= Collected data =
┌──

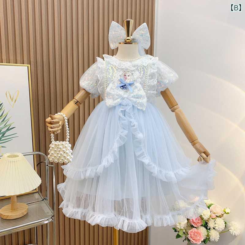 キッズ プリンセス ドレス アイシャ 女の子 ロリータ サマー 子供 冷凍 スカート 可愛い 綺麗 おしゃれ ピンク 青
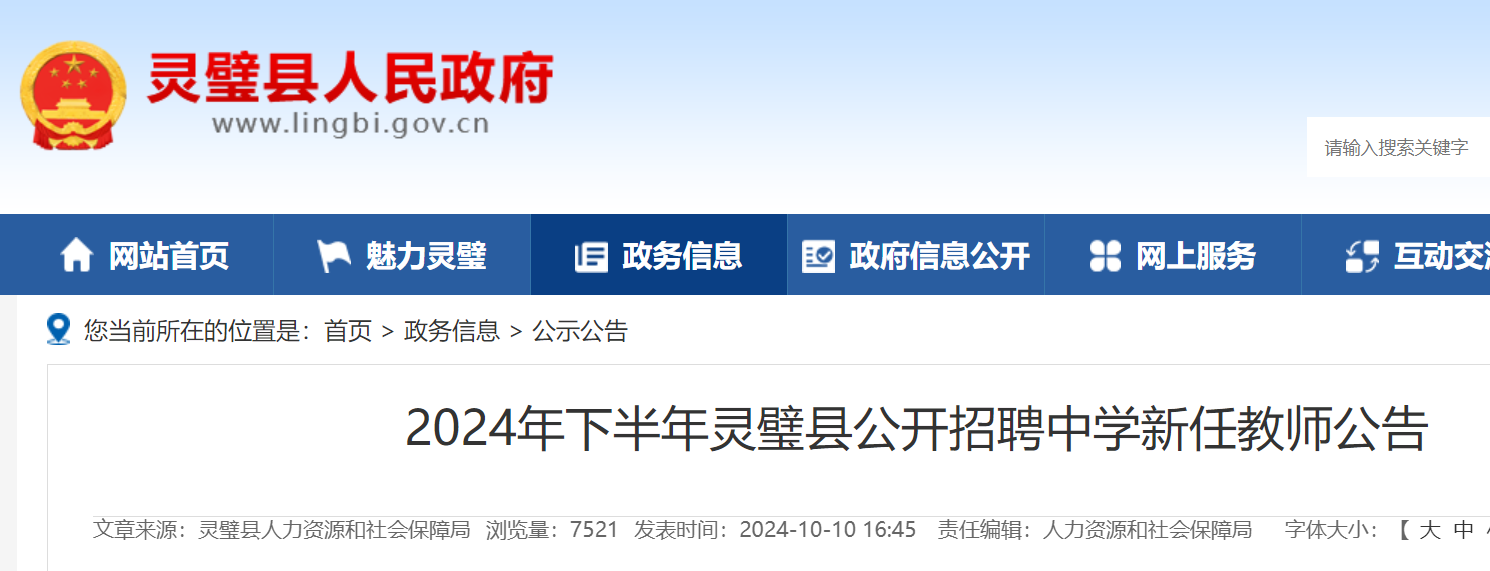 2024年下半年安徽宿州靈璧縣公開招聘中學(xué)新任教師公告已發(fā)布,報名時間:2024年10月20日9:00至10月24日17:00,逾期不再補報。現(xiàn)將招聘公告原文發(fā)布如下:
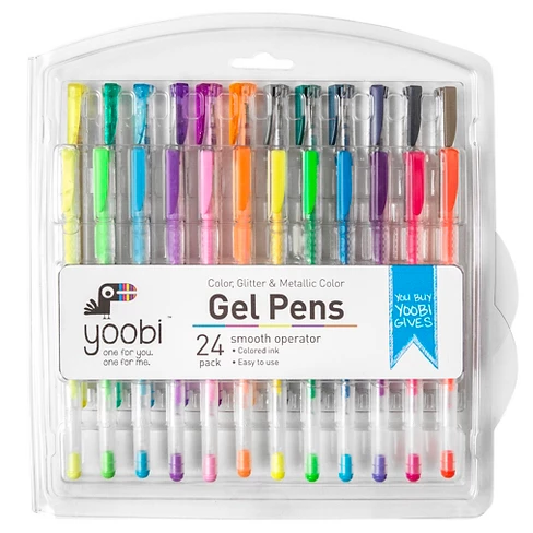 Smooth Operator Your favorite Yoobi items, DOUBLED! We know how much you loved our 12 pack of gel pens, so we're giving you twice that in this awesome 24 pack. Try 12 new colors to brighten up your notebook this season. You buy, Yoobi gives - For every Yoobi item you purchase, a Yoobi item will be donated to a classroom in need, right here in the U.S.
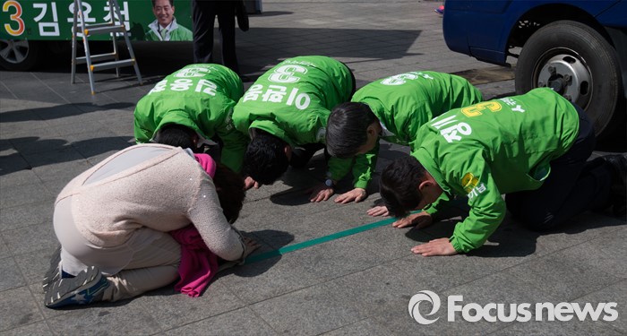 (군포=포커스뉴스) 안철수 국민의당 상임공동대표와 국민의당 후보들이 1일 오전 군포시 산본로데오거리 원형광장에서 정기남 군포시을 후보 지원 유세 중 한 지지자가 큰절을 하자 함께 맞절을 하고 있다.
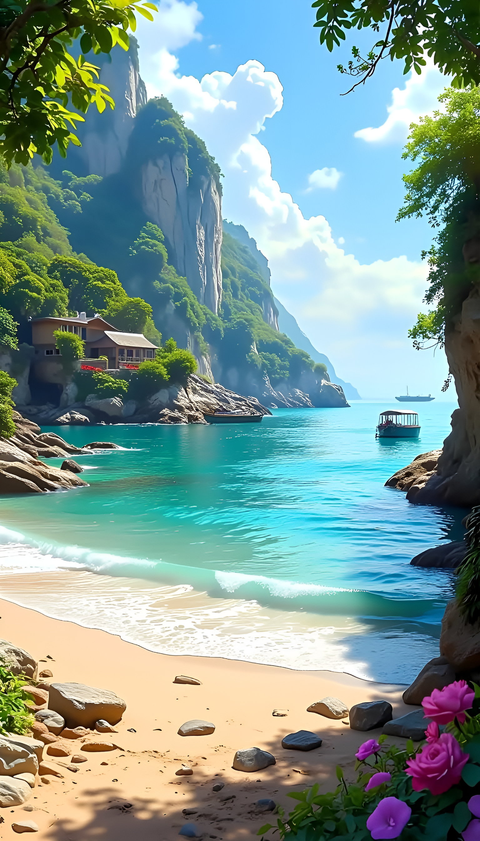 Immerse yourself in the tranquility of 'Tropical Paradise: Serenity by the Shore.' This breathtaking image captures a picturesque beach framed by towering cliffs and lush greenery. A charming house sits nestled among the trees, offering a perfect retreat with vibrant flowers blooming nearby. The crystal-clear turquoise waters gently lap against the soft sandy shore, inviting you to relax and unwind. A small boat floats peacefully in the distance, completing this idyllic coastal scene. Ideal for nature lovers and those seeking a moment of peace, this wallpaper transports you to a serene tropical getaway.
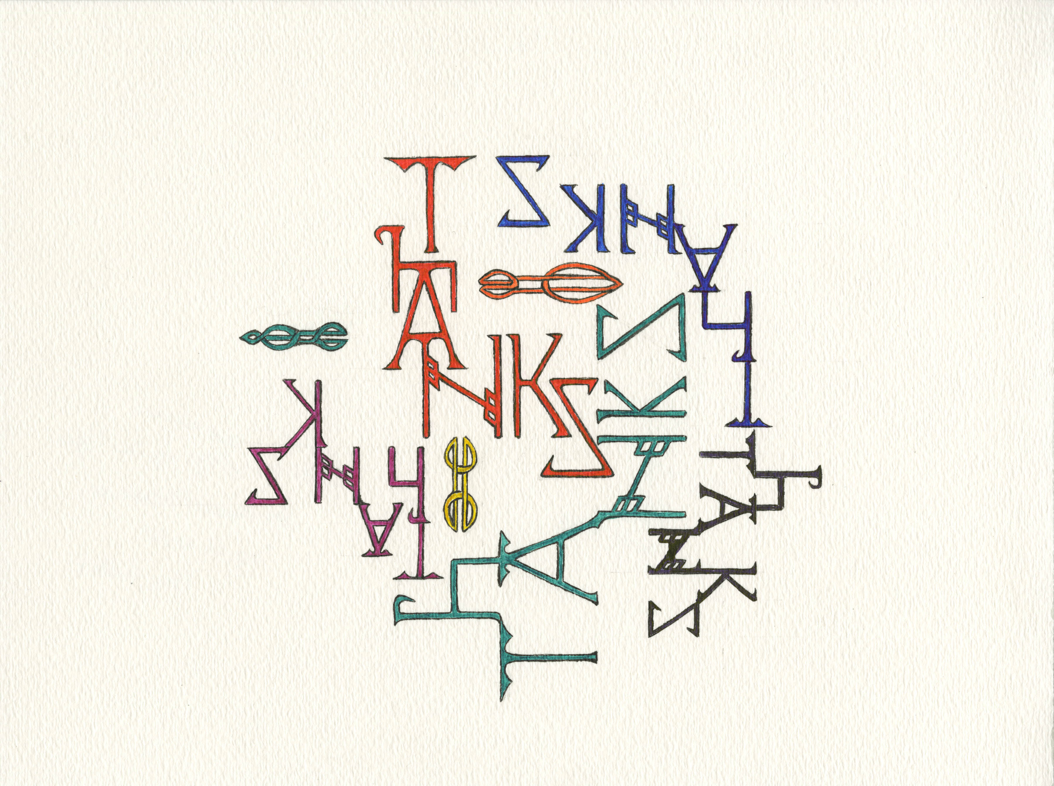 Many THANKS, using script interpreted from the “Book of Kells” drawn by Meredith Eliassen, 2015.
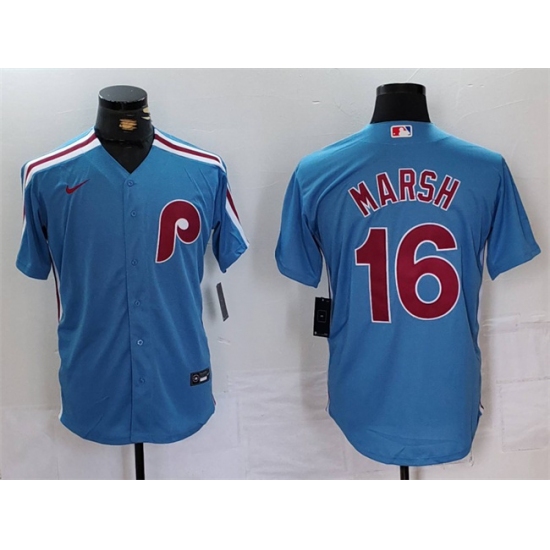 >Men's Philadelphia Phillies #16 Brandon Marsh Blue Cool Base Stitched Jersey
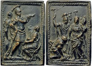 Officine romane XVIII secolo 1) Placchetta rettangolare in bronzo con patina marrone scuro; mm 78 x55; gr 119. [..]
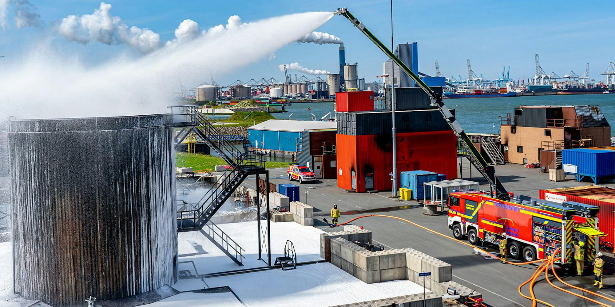 Den Ernstfall geübt haben Feuerwehrleute mit dem neuen Fahrzeug bei der Hafenfeuerwehr in Rotterdam.
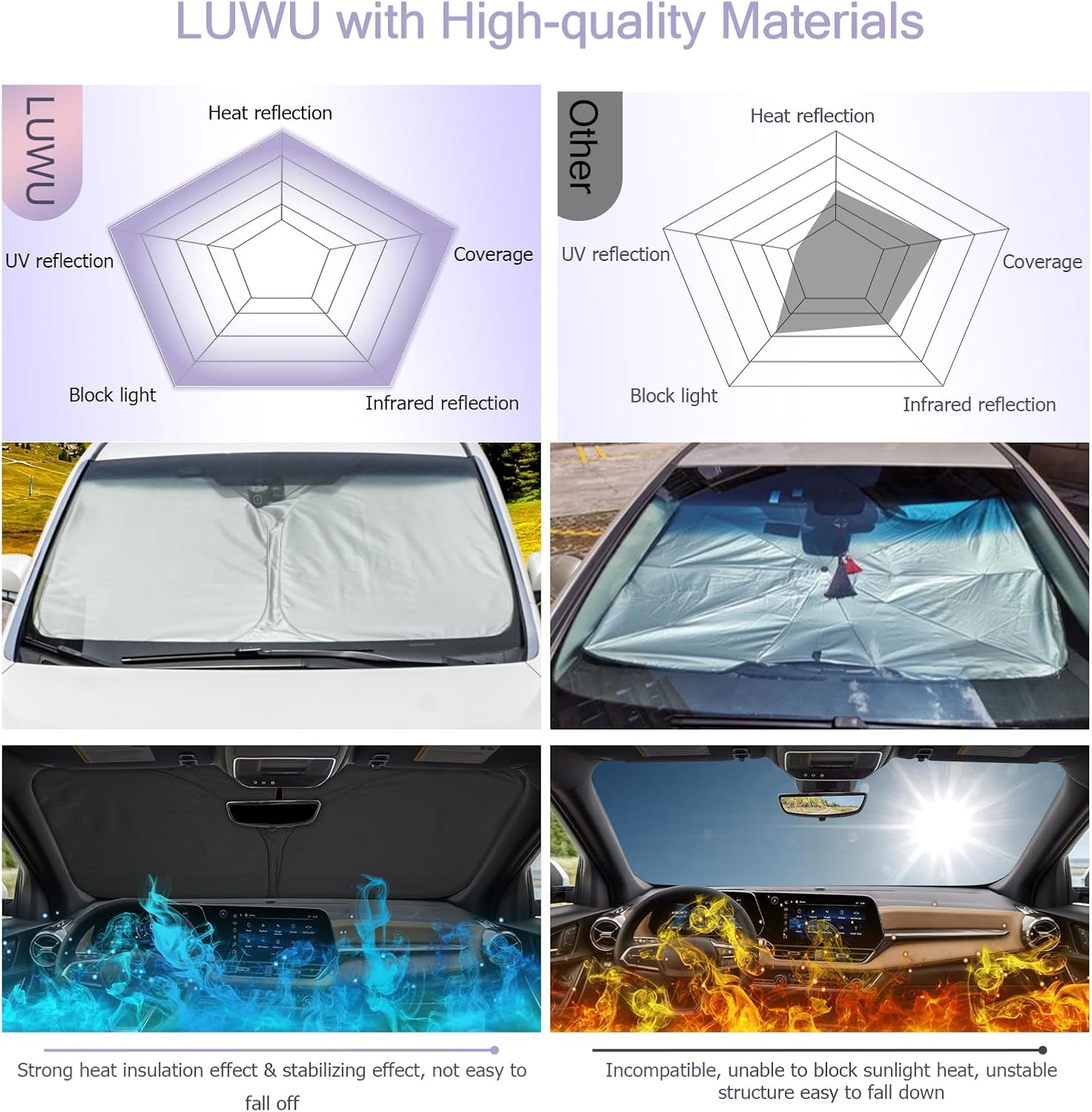 - 【Premium Protection】The windshield sunshade keeps your car internal relatively cool, effectively blocks sunlight, prevents harmful UV rays and heat from entering the car, and does not expose the steering wheel to strong sunlight for a long time, which can burn your hands. It can also protect car leather seats, instrument panels, display electronics, air outlets, etc. make them will not fade, crack, or fail

└──

= Your goal =
Nothing but the lines from the start of the records through the line holding "Den Ernstfall geübt" should be printed, exactly as written and with the pictures left out.

= Solution =
 キッズ プリンセス ドレス アイシャ 女の子 ロリータ サマー 子供 冷凍 スカート 可愛い 綺麗 おしゃれ ピンク 青
 2024年下半年安徽宿州靈璧縣公開招聘中學(xué)新任教師公告已發(fā)布,報名時間:2024年10月20日9:00至10月24日17:00,逾期不再補報。現(xiàn)將招聘公告原文發(fā)布如下:
 Smooth Operator Your favorite Yoobi items, DOUBLED! We know how much you loved our 12 pack of gel pens, so we're giving you twice that in this awesome 24 pack. Try 12 new colors to brighten up your notebook this season. You buy, Yoobi gives - For every Yoobi item you purchase, a Yoobi item will be donated to a classroom in need, right here in the U.S.
 (군포=포커스뉴스) 안철수 국민의당 상임공동대표와 국민의당 후보들이 1일 오전 군포시 산본로데오거리 원형광장에서 정기남 군포시을 후보 지원 유세 중 한 지지자가 큰절을 하자 함께 맞절을 하고 있다.
 Immerse yourself in the tranquility of 'Tropical Paradise: Serenity by the Shore.' This breathtaking image captures a picturesque beach framed by towering cliffs and lush greenery. A charming house sits nestled among the trees, offering a perfect retreat with vibrant flowers blooming nearby. The crystal-clear turquoise waters gently lap against the soft sandy shore, inviting you to relax and unwind. A small boat floats peacefully in the distance, completing this idyllic coastal scene. Ideal for nature lovers and those seeking a moment of peace, this wallpaper transports you to a serene tropical getaway.
 Many THANKS, using script interpreted from the “Book of Kells” drawn by Meredith Eliassen, 2015.
 >Men's Philadelphia Phillies #16 Brandon Marsh Blue Cool Base Stitched Jersey
 Officine romane XVIII secolo 1) Placchetta rettangolare in bronzo con patina marrone scuro; mm 78 x55; gr 119. [..]
 Den Ernstfall geübt haben Feuerwehrleute mit dem neuen Fahrzeug bei der Hafenfeuerwehr in Rotterdam.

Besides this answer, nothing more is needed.